Я закусила губу, но не стала спорить, потому что мое тело предало меня с большей готовностью, чем мои слова могли меня защитить. Я решила, что лучше сменить тему, и вырвалась из его хватки, чтобы дать себе необходимое пространство для более ясного мышления.
— Ты знал, что Ноэль наблюдал за мной?
Его глаза жгли мою кожу, как арктический лед.
— Конечно. Он не тот человек, который позволяет своей жертве бегать свободно и беспечно. К сожалению, я только недавно осознал, насколько очевидно было то, что он следил за тобой… Мне нужно было только спросить, кого он мог использовать для достижения такого результата, чтобы подумать о поиске Яны. В конце концов, она уже долгое время была одним из его самых мощных инструментов торговли.
Я хотела сказать ему, что именно Ноэль четыре года назад заставил меня бежать, что он избил меня до безумия и заставил меня бежать.
Но я бы не стала, не тогда, когда не понимала, почему Ксан наконец вернулся ко мне после всего этого времени.
— Почему ты здесь, Александр? — спросила я его, внезапно настолько утомленная, что слова слетали с моих губ деформированными и тяжелыми.
Его золотистые брови нахмурились, а ярость растеклась по машине, словно дым, густой и канцерогенный.
— Честно говоря, неужели ты можешь сомневаться в моих намерениях после всего, что я сказал тебе за последние тридцать шесть часов?
— Есть ли хоть малейшее сомнение, что я это сделаю? — Я возразила, мой собственный гнев прокрадывался сквозь мое изнеможение. — Ты много лет играл со мной как с йо-йо. Я понятия не имею о твоих истинных намерениях. Как я могу?
— Однажды ты сказала мне, что любишь меня, — безжалостно напомнил он мне, внезапно оказавшись в моем пространстве, обе руки сплелись в моих волосах, так что мое лицо было прижато к его лицу, нос к носу, глаза почти скрещены, когда они встретились. — И однажды я пообещал, что заберу это у тебя; твою любовь, твое тело и твою преданность. Я человек слова, Козима. Я пришел забрать то, что ты всегда хотел мне дать.
— Ты пытаешься сказать мне, что любишь меня? — Я потребовала, потому что он все еще собирал загадки своими словами, и мое настороженное сердце нуждалось в подтверждении.
Я бы не уступила ни на что меньшее, чем его взаимность.

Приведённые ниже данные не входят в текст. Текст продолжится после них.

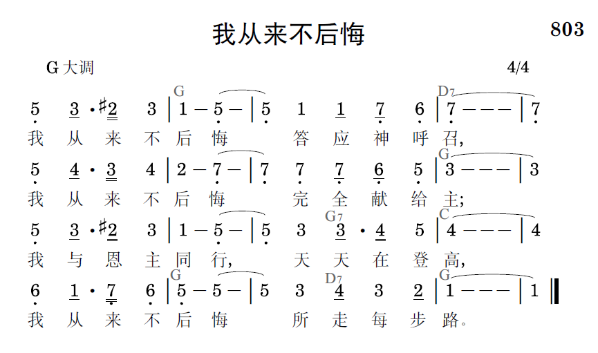 我从来不后悔答应神呼召,我从来不后悔完全献给主;我与恩主同行,天天在登高,我从来不后悔所走每步路。
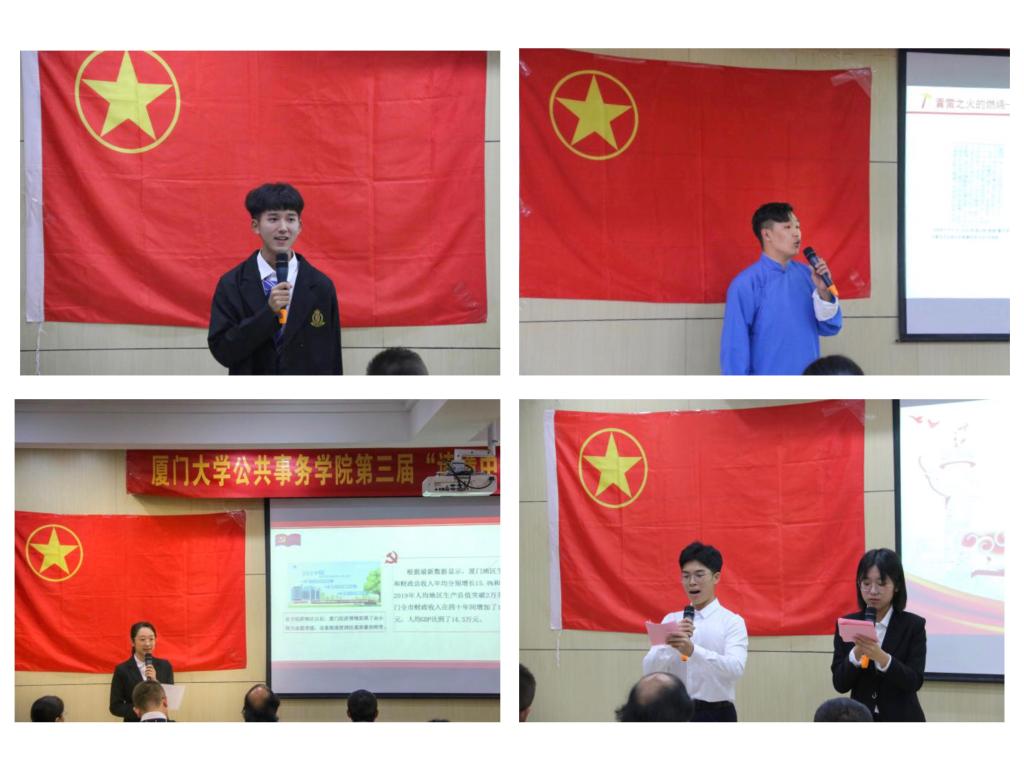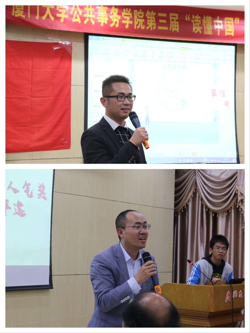 12月8日晚,公共事务学院第三届“读懂中国”征文演讲比赛在联兴楼举行。厦门大学团委副书记梁振伟、公共事务学院党委副书记林盛铨、信息学院团委书记唐腾凤、数学科学学院团委书记于正伟、公共事务学院团委书记徐莹、公共事务学院辅导员李思颖、张祯祯出席本次活动。

Он все еще смотрел на меня, его глаза работали под тяжелыми веками, его челюсть так напряглась, что я испугалась, что она сломалась от напряжения.
Но он ничего не сказал.
Я схватила его за запястья, как кандалы, и прижала его крепче к себе, чтобы он мог видеть, как светятся мои глаза, как что-то внутри меня хочет протянуть руку и сожрать его целиком. Проглотить его силу и его сущность, пока он не станет полностью моим.

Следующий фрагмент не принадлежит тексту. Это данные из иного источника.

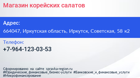 Магазин корейских салатов по адресу 664047, Иркутская область, Иркутск, Советская, 58 к2 в дальнейшем Организация, размещена в следующих категориях:

— Как я могу простить тебя за все, что ты когда-либо сделал, если ты не даешь мне доступ к своему сердцу? Или, по крайней мере, твоему разуму? Я не могу понять твою мотивацию за последние несколько лет, и я чертовски устала пытаться. Почему ты здесь, Ксан?
Он так долго молчал, и только тяжелое дыхание нашего совместного дыхания подчеркивало липкую тишину, что я забеспокоилась, что он не ответит. И что тогда мне делать? Я зашла слишком далеко, чтобы снова уступить ему, а он не пошел мне навстречу.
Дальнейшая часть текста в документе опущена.